Institutions assisting persons with disability

6.22 The schemes in pts VA and VB of the Copyright Act also apply to institutions assisting persons with disability.

6.23 Dr Matthew Rimmer submitted that Australia’s laws in respect of copyright and disability rights are ‘a disgrace’. The exceptions are ‘messy … technology-specific; copyright subject matter specific; disability specific; and sometimes limited to institutions’. Rimmer also submitted that the statutory licences are ‘not a good means of providing access to cultural materials for those with disabilities’.[22]

6.24 The Terms of Reference instruct the ALRC not to duplicate work being undertaken on increased access to copyright works for persons with a print disability. However, many of the arguments in this chapter may also apply to the statutory licences as they relate to institutions assisting persons with disability.

6.25 Furthermore, many uses by institutions assisting persons with disability may well be fair, under the fair use exception proposed in Chapter 4. Such fair uses should not need to be licensed, and do not need to be covered by statutory licences. The freedom to format shift is particularly important for certain persons with disability. Blind Citizens Australia submitted that

a fair usage provision which recognises the needs for individuals with a print disability to format shift from an inaccessible to accessible copy would dramatically enhance access for a significant portion of the population and also advantage copyright owners through increased sales of their works.[23]

[10] This chapter concerns the statutory licences for educational and other institutions and the licences for government. The statutory licence for retransmission of broadcasts is discussed in Ch 15.

[11] Copyright Agency/Viscopy, Submission 287.

[12] Sections 183 and 183A refer to ‘the Crown’, ‘the Commonwealth or a State’ and ‘a government’. These phrases appear to be interchangeable.

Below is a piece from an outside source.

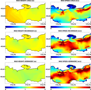 The Natural Hazards Research Platform of New Zealand’s Ministry of Business, Innovation, and Employment provided funding for this study. Aggeliki Barberopoulou assisted in the development of bathymetric grids for Port Taranaki and Marsden Point. Liam Wotherspoon provided the data used in Fig. 2.

The position of local government is discussed in Ch 14.

[13]Copyright Act 1968 (Cth) s 183(1).

[14] Australian Government Attorney-General’s Department, Australian Government Intellectual Property Manual <www.ag.gov.au> at 9 August 2012.

[15] Copyright Law Review Committee, Report to Consider What Alterations are Desirable in the Copyright Law of the Commonwealth (1959), 77.

[16] Ibid, 77.

[17]University of New South Wales v Moorhouse (1975) 133 CLR 1.

[18] Thomson Reuters, The Law of Intellectual Property: Copyright, Designs and Confidential Information, [12.100].

[19] Copyright Law Committee, Report on Reprographic Reproduction (1976) (the Franki Report), [6.40].

[20] Ibid, [6.63].

[21] Australian Publishers Association, Submission 225.

[22] M Rimmer, Submission 161.

[23] Blind Citizens Australia, Submission 157.